When I was growing up, both in Zambia and in the UK, the only doctor I ever saw (apart from when I had my tonsils out) was a GP. However, I can virtually guarantee that most of you reading this newsletter now go to a specialist rather than a GP, for most of your medical care. A paediatrician for your children's minor ailments, a gynaecologist for your annual PAP smear and so on and so on. We all self-refer to specialists.
The recent report on the continuing poor quality of US health care highlights the lack of access to and use of primary care doctors as one of the failings of the system. And I know that, for all its problems, one of the main strengths of the UK's NHS is its complete reliance on GPs as the gatekeepers - the backbone of medical care.
The erosion of use of GPs since medical aids started to overlook specialist self-referal is almost certainly one of the reasons for rising health care costs.
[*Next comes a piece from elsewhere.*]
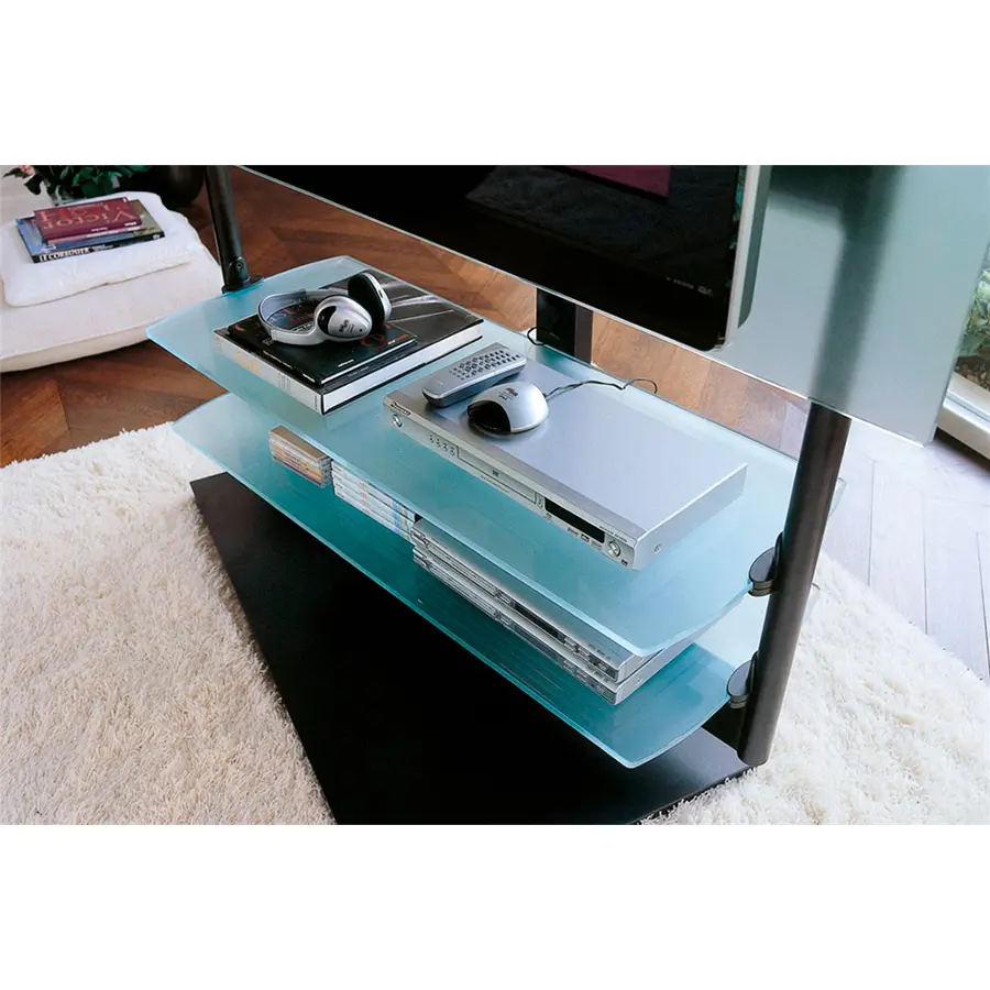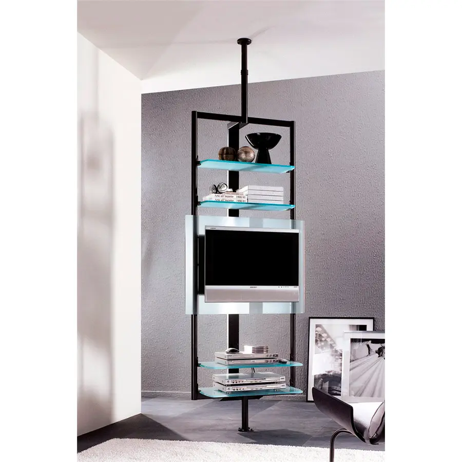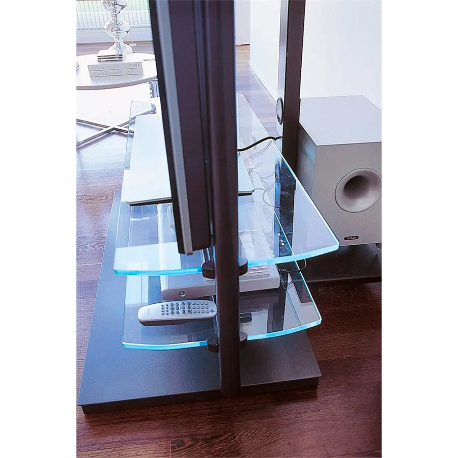 Porta TV con estructura de metal componible con varios accesorios de cristal o de madera.

People have started to see GPs as 'second class' doctors - someone is 'only a GP'. But, in fact, general practice, practiced as it should be, is a difficult and exacting speciality and a good GP is always an excellent doctor - you have to deal with everything that walks through the door after all. I know a few GPs who still manage to provide what general practice is all about - a holistic approach to each patient, taking into consideration not only the individual patient, but their families, work environment, interests, activities and so on. I also know excellent doctors who are fed up with being there for sick notes, sore backs and coughs and colds - never getting the opportunity to deal with the whole patient and liaise with any specialist who is needed. Its worth thinking about how you use different doctors - and thinking about exactly what it is that you want from each consultation. You may find that you would prefer to see a GP as your first line of care.